(Task brief): Leave out all pictures. Return exactly the lines from the top of the material through the line containing "DOORES Human Hair".

#### Exercise material

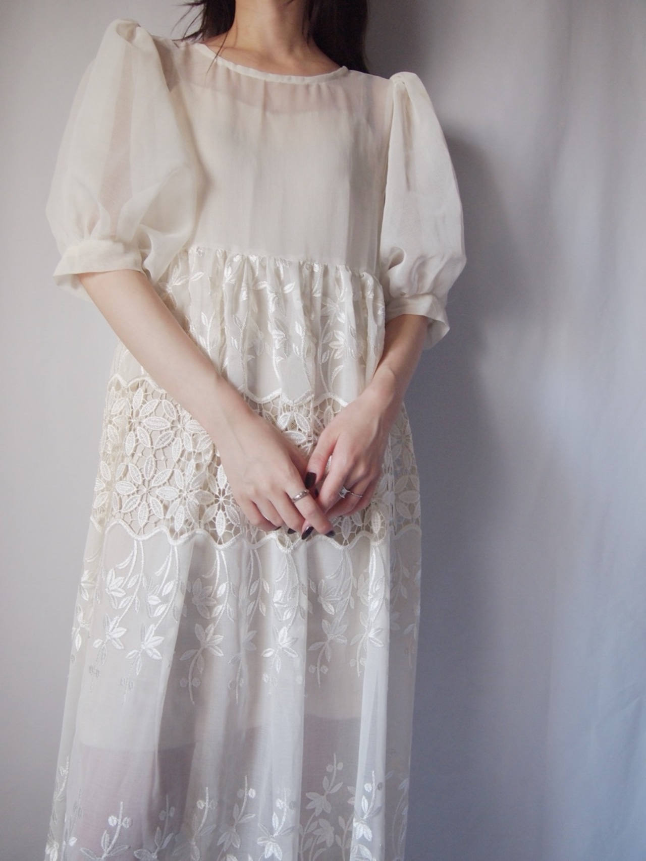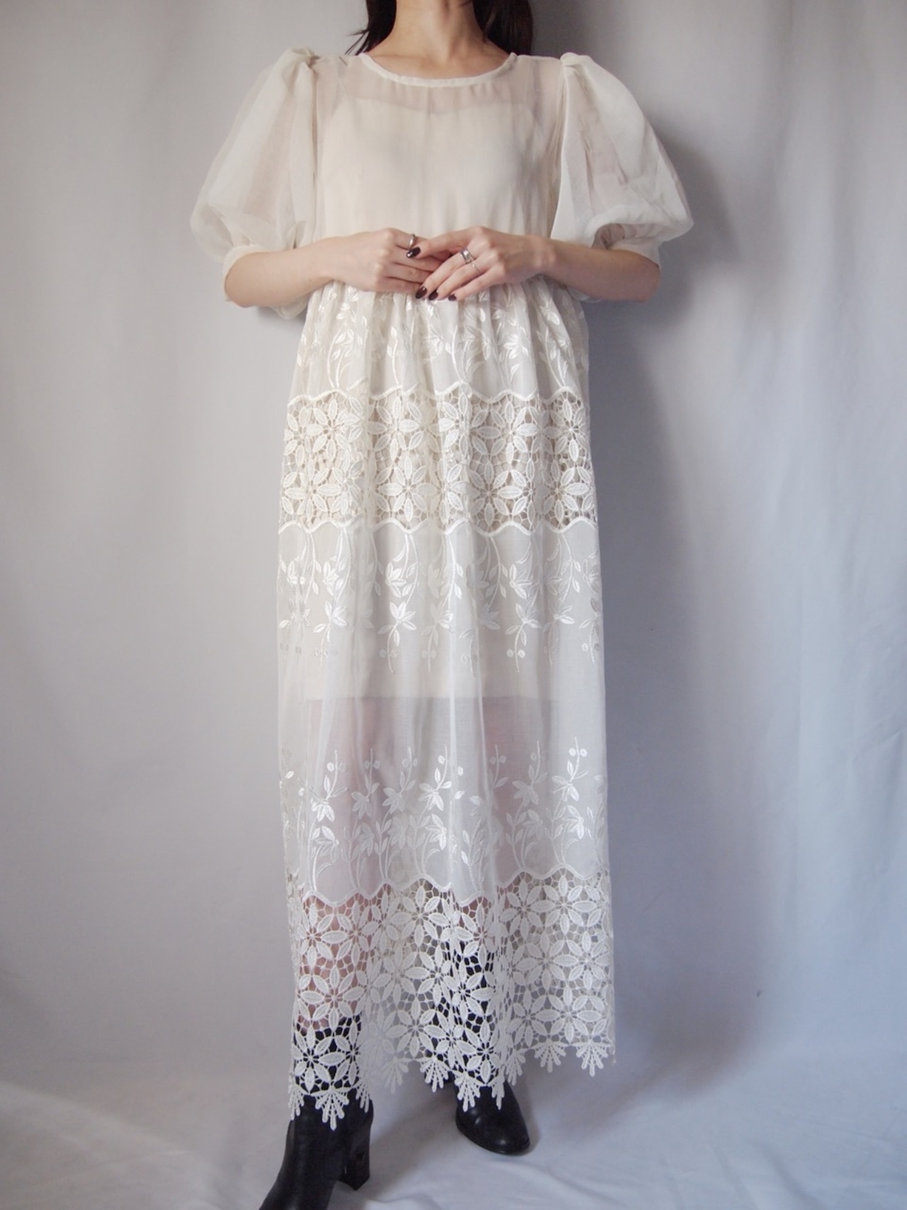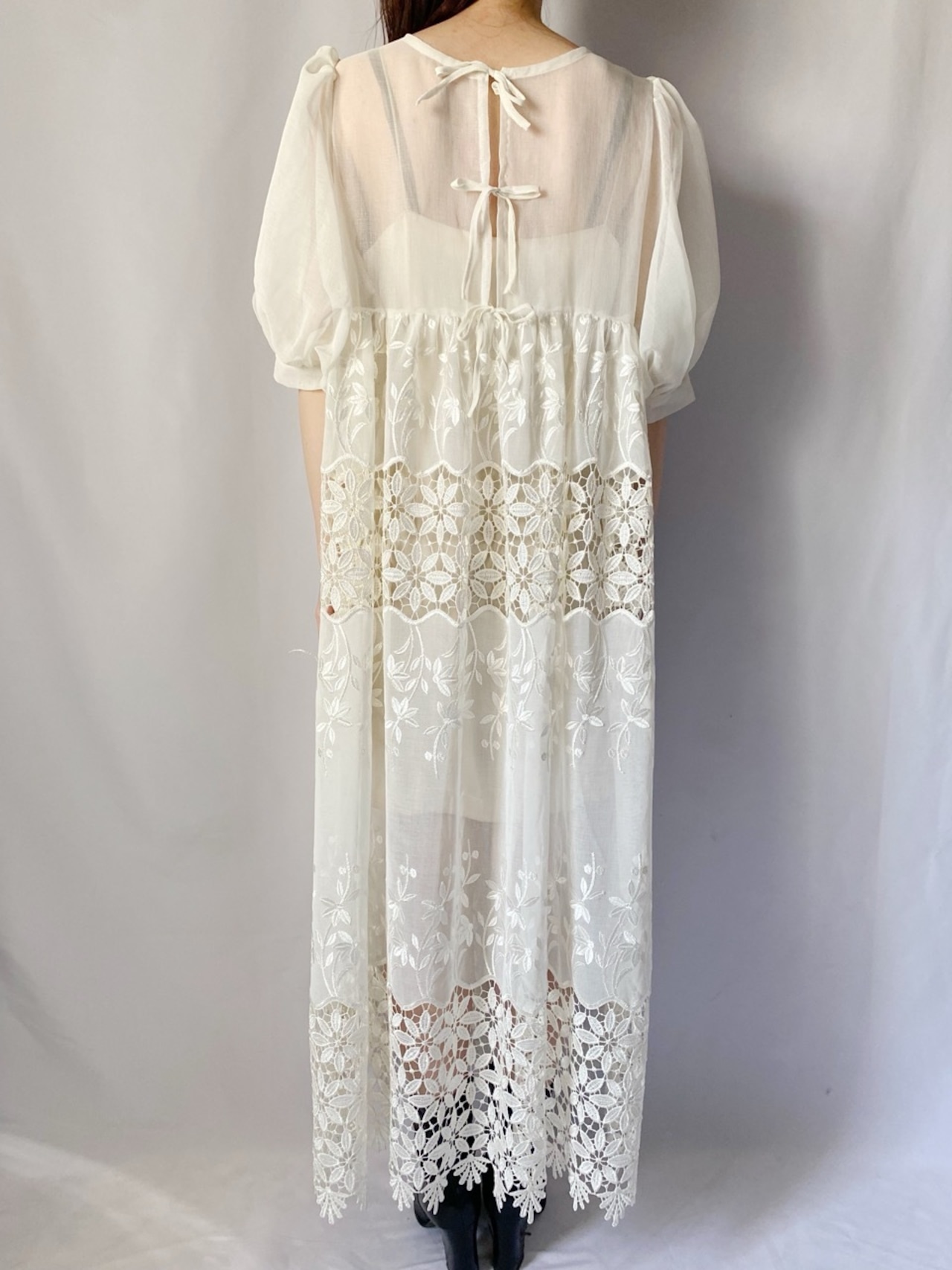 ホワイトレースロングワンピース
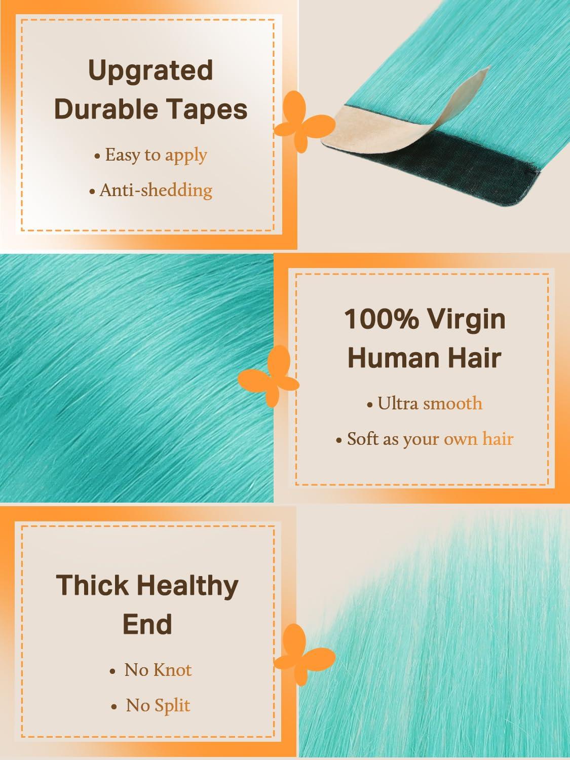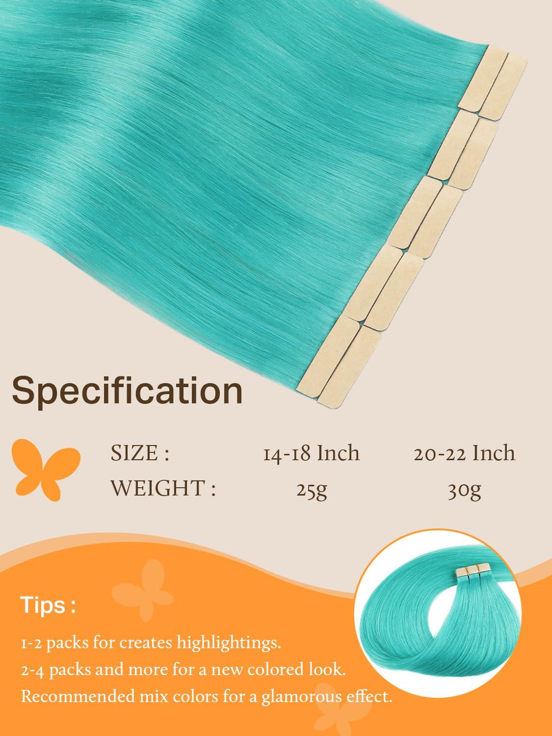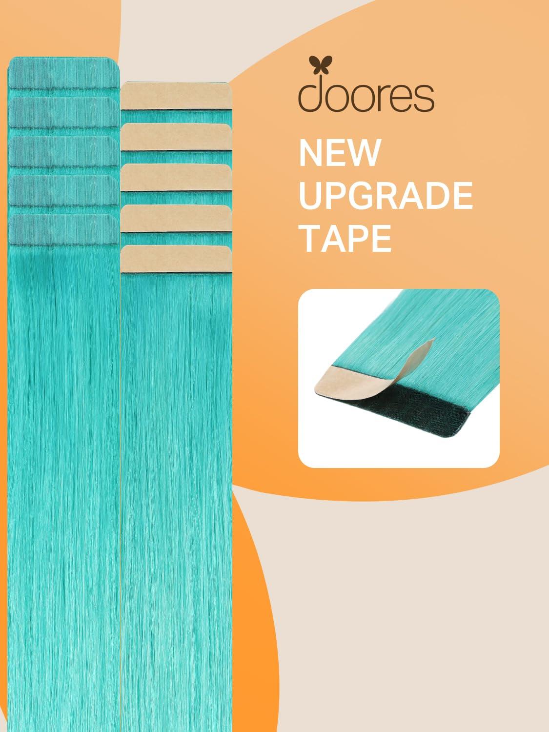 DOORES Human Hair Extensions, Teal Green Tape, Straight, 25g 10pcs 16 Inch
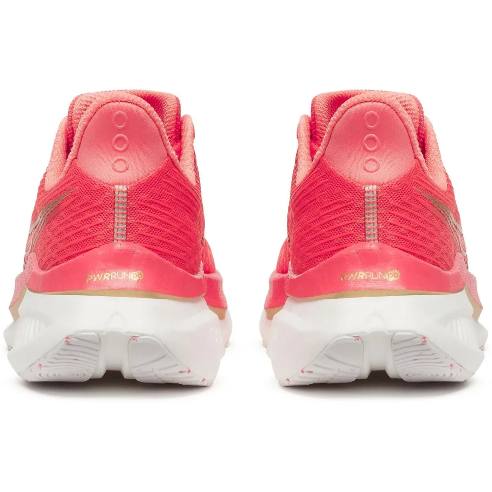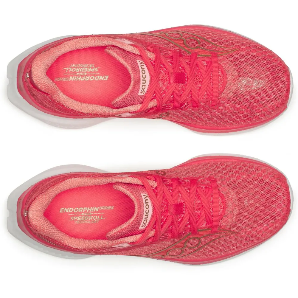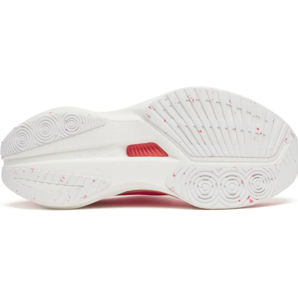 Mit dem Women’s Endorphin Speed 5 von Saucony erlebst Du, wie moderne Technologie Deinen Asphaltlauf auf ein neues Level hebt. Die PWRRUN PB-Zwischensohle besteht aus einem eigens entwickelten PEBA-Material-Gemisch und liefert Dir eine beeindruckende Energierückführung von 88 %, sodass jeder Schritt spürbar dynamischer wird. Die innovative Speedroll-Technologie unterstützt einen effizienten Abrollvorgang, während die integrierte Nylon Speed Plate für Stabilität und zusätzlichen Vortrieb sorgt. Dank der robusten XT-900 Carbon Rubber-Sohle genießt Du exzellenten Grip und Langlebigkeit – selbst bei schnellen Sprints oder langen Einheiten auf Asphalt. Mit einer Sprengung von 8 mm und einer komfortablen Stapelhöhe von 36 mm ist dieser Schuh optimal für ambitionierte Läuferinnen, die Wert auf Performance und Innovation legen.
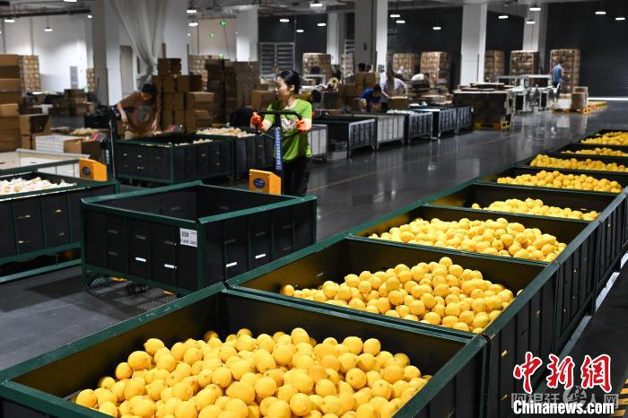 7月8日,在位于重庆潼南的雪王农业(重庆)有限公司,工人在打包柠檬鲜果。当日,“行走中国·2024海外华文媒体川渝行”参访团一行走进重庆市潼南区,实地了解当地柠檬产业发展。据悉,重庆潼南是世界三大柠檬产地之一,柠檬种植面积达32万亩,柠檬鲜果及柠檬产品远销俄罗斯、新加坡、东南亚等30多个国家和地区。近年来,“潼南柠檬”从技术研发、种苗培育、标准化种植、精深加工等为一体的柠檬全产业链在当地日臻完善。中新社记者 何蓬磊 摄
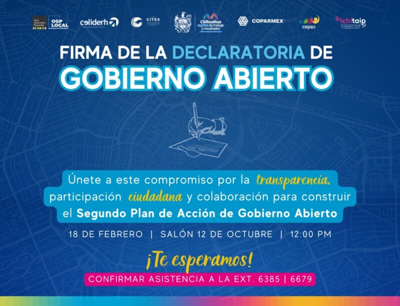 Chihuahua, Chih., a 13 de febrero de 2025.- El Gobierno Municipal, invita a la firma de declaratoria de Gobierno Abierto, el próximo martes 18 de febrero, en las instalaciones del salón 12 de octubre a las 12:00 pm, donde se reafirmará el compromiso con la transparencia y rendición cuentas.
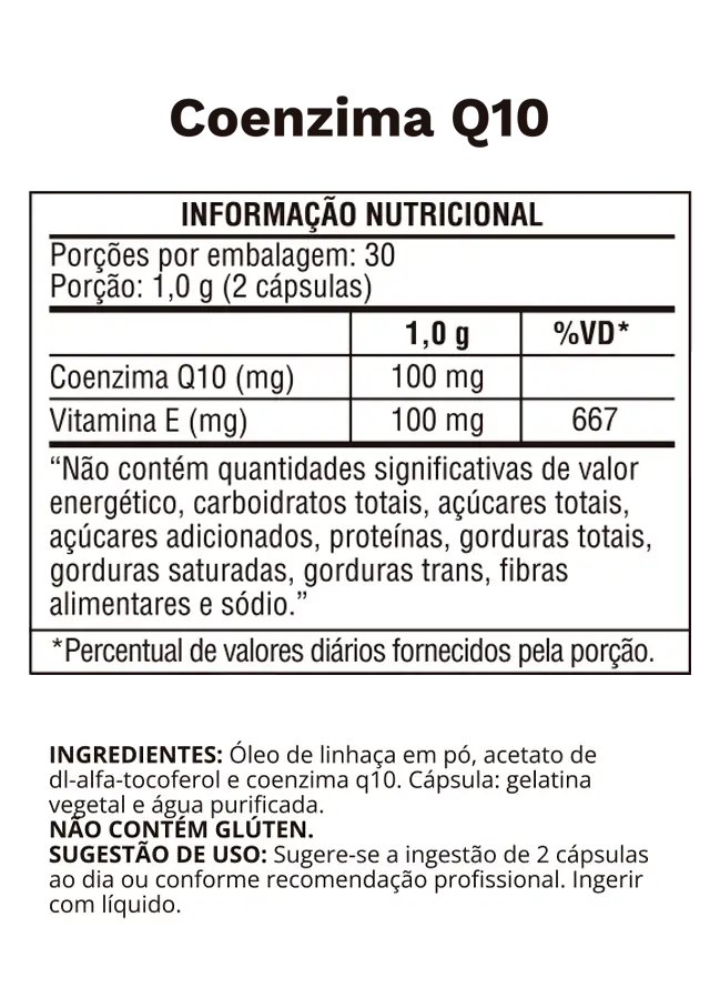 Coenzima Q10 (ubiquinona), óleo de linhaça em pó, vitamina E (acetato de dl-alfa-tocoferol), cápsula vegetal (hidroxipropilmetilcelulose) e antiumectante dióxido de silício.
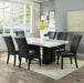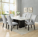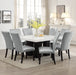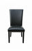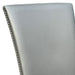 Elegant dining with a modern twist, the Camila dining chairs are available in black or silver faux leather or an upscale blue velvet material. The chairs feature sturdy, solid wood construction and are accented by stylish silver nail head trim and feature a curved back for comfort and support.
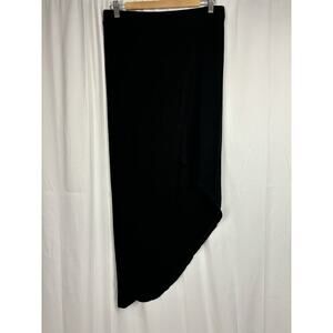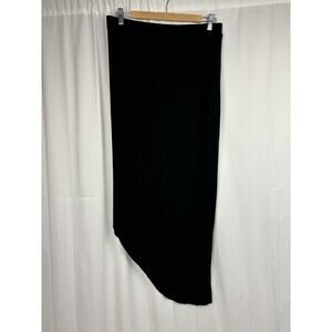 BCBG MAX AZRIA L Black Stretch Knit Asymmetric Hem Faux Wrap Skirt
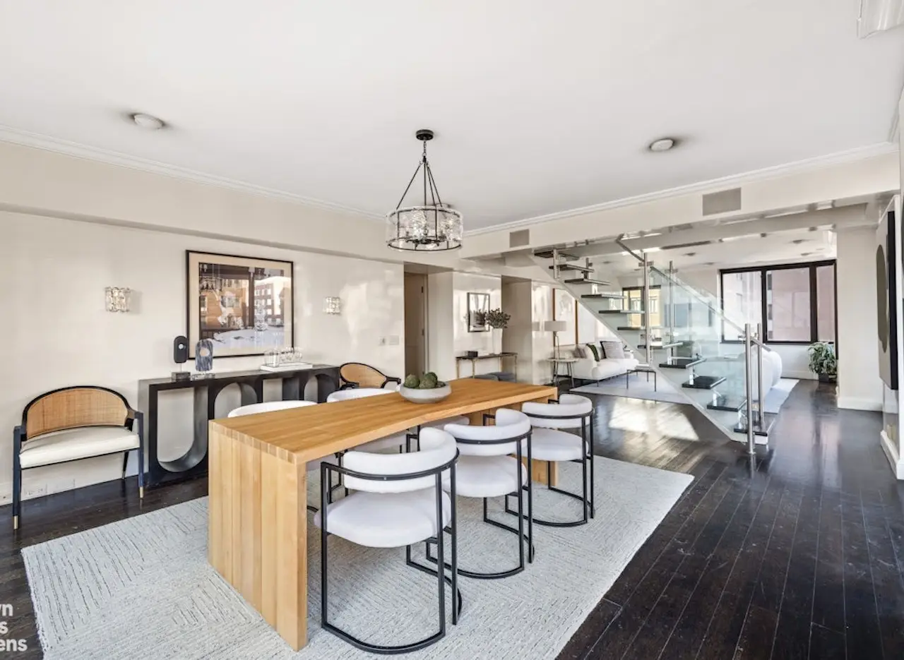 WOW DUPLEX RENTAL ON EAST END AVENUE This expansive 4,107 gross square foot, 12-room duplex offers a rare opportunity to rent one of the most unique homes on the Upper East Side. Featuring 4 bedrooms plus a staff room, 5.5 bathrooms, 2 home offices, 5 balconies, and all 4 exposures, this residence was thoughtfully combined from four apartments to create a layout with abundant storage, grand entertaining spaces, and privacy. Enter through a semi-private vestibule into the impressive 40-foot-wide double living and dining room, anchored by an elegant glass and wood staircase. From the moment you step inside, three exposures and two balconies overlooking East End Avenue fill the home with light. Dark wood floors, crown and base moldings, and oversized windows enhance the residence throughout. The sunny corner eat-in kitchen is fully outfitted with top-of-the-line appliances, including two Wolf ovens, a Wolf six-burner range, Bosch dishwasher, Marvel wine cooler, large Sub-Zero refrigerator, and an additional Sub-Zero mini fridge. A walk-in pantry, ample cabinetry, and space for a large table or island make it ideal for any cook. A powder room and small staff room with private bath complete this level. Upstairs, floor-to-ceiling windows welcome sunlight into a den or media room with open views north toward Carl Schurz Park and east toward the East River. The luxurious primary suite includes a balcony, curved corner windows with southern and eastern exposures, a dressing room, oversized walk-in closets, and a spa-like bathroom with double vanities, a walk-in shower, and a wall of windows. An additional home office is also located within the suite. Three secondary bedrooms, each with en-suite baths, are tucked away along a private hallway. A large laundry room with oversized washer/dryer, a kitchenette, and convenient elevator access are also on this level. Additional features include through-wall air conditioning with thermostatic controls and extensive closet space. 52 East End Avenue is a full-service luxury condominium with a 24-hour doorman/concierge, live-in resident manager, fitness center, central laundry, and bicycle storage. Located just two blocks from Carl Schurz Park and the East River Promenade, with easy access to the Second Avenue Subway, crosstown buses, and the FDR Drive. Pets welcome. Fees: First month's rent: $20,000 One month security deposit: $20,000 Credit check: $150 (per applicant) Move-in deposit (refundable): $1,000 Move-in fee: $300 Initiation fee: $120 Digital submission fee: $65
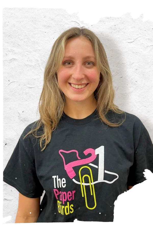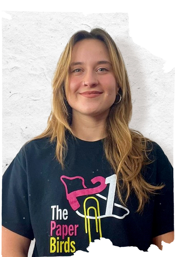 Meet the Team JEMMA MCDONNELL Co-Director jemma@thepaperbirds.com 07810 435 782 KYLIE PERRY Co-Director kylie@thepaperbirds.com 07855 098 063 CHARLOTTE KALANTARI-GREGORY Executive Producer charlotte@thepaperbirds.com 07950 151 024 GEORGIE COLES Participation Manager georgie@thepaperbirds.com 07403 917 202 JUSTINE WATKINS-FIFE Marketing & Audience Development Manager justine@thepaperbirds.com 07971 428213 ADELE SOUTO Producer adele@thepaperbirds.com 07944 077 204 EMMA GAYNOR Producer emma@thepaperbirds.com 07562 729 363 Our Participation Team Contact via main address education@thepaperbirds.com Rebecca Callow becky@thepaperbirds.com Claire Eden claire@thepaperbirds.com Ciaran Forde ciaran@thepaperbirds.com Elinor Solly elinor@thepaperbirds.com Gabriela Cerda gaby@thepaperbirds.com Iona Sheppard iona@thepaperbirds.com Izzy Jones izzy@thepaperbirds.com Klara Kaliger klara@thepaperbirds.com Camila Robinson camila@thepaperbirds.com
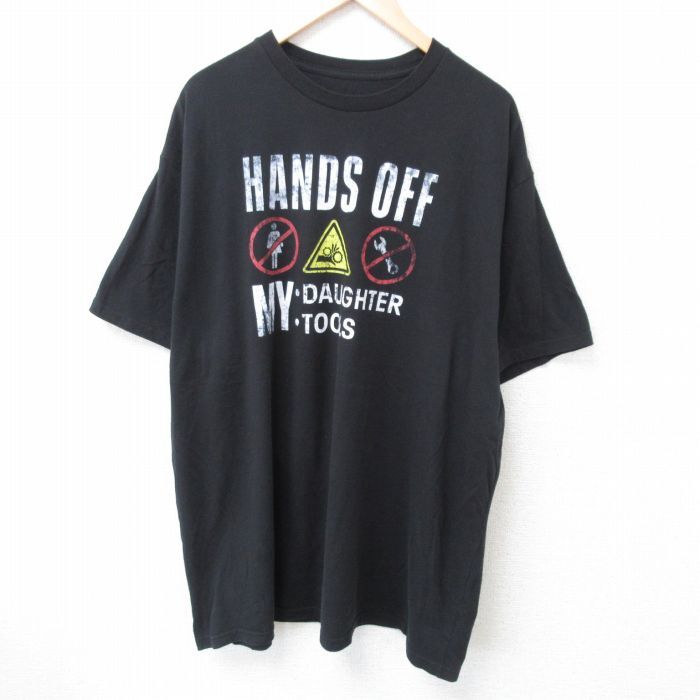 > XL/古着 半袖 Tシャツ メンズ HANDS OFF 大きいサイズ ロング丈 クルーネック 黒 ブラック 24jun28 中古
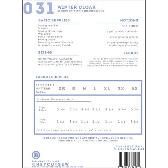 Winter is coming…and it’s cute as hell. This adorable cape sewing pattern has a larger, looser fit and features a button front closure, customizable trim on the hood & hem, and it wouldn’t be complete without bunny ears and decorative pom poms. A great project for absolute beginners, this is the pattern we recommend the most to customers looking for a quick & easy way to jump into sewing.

########

(Response to this task):
 ホワイトレースロングワンピース
 DOORES Human Hair Extensions, Teal Green Tape, Straight, 25g 10pcs 16 Inch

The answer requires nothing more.